The fix is to remove the Phase 9-column indexes from SCHEMA_SQL.
They already exist in _apply_migrations() AFTER the corresponding
ALTER TABLE, so they still get created on both fresh and upgrade
paths — just after the columns exist, not before.

Indexes still in SCHEMA_SQL (all safe — reference columns that
have existed since the first release):
- idx_chunks_document on source_chunks(document_id)
- idx_memories_type on memories(memory_type)
- idx_memories_status on memories(status)
- idx_interactions_project on interactions(project_id)

Indexes moved to _apply_migrations (already there — just no longer
duplicated in SCHEMA_SQL):
- idx_memories_project on memories(project)
- idx_interactions_project_name on interactions(project)
- idx_interactions_session on interactions(session_id)
- idx_interactions_created_at on interactions(created_at)

Regression test: tests/test_database.py
---------------------------------------
New test_init_db_upgrades_pre_phase9_schema_without_failing:

- Seeds the DB with the exact pre-Phase-9 shape (no project /
  last_referenced_at / reference_count on memories; no project /
  client / session_id / response / memories_used / chunks_used on
  interactions)
- Calls init_db() — which used to raise OperationalError before
  the fix
- Verifies all Phase 9 columns are present after the call
- Verifies the migration indexes exist

Before the fix this test would have failed with
"OperationalError: no such column: project" on the init_db call.
After the fix it passes.

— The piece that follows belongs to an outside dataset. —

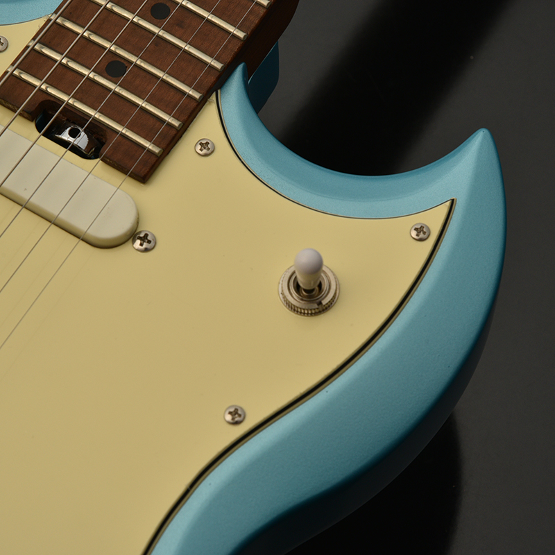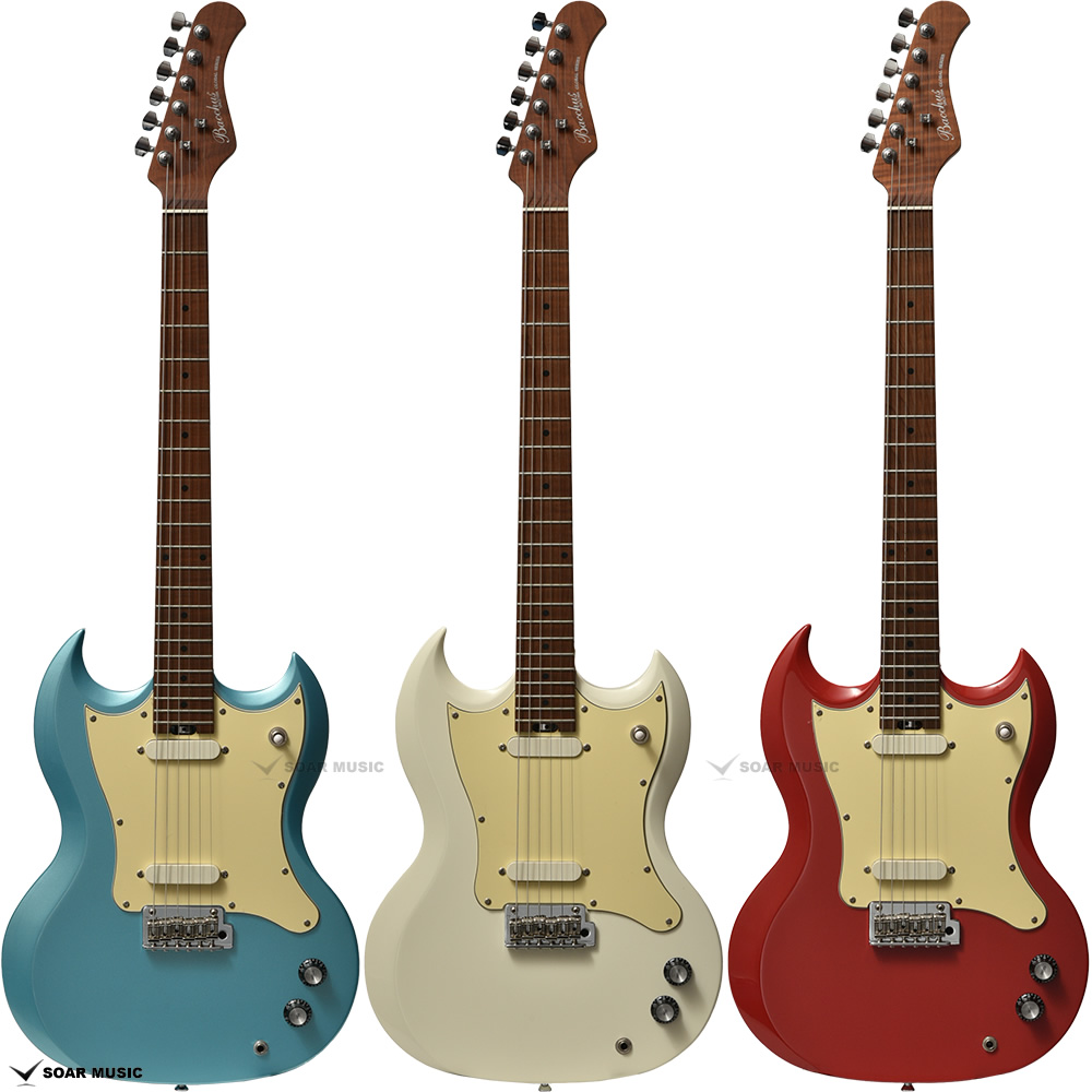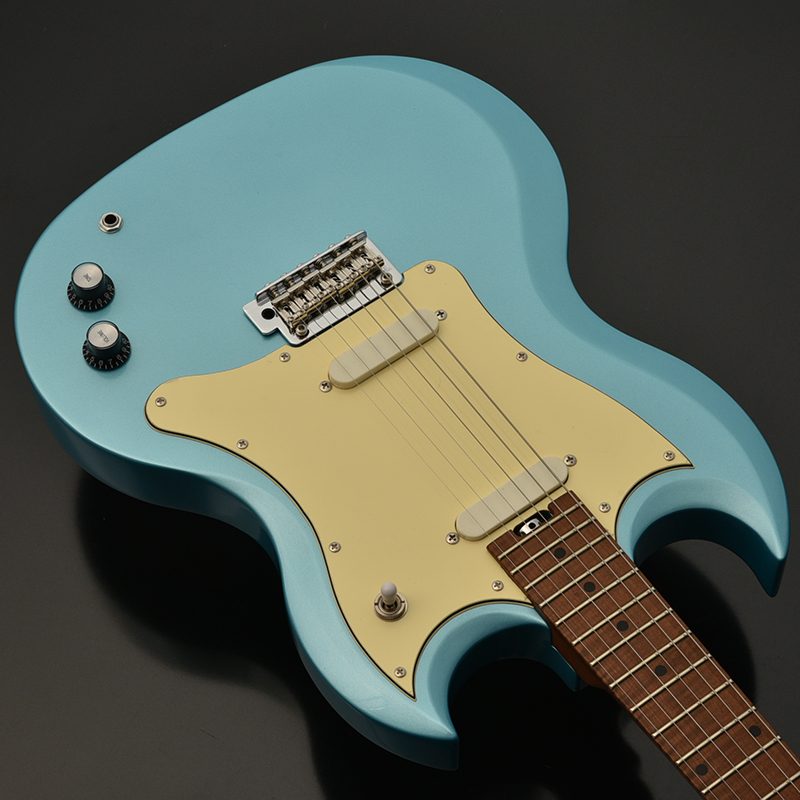 2つのホーンが特徴的なボディシェイプに、2シングルコイルピックアップ、2点支持トレモロ、ローステッドメイプルネックといった仕様を掛け合わせた「有りそうでなかった」モデル。 手に取りたくなるようなポップなルックスと実力を兼ね備えたBacchus Global Seriesの新製品!

This locks the invariant "init_db is
safe on any legacy schema shape" so the bug can't silently come
back.

Full suite: 216 passing (was 215), 1 warning. The +1 is the new
regression test.

Bug 3 (usability): deploy.sh DNS default
----------------------------------------
deploy/dalidou/deploy.sh

ATOCORE_GIT_REMOTE defaulted to http://dalidou:3000/Antoine/ATOCore.git
which requires the "dalidou" hostname to resolve. On the Dalidou
host itself it didn't (no /etc/hosts entry for localhost alias),
so deploy.sh had to be run with the IP as a manual workaround.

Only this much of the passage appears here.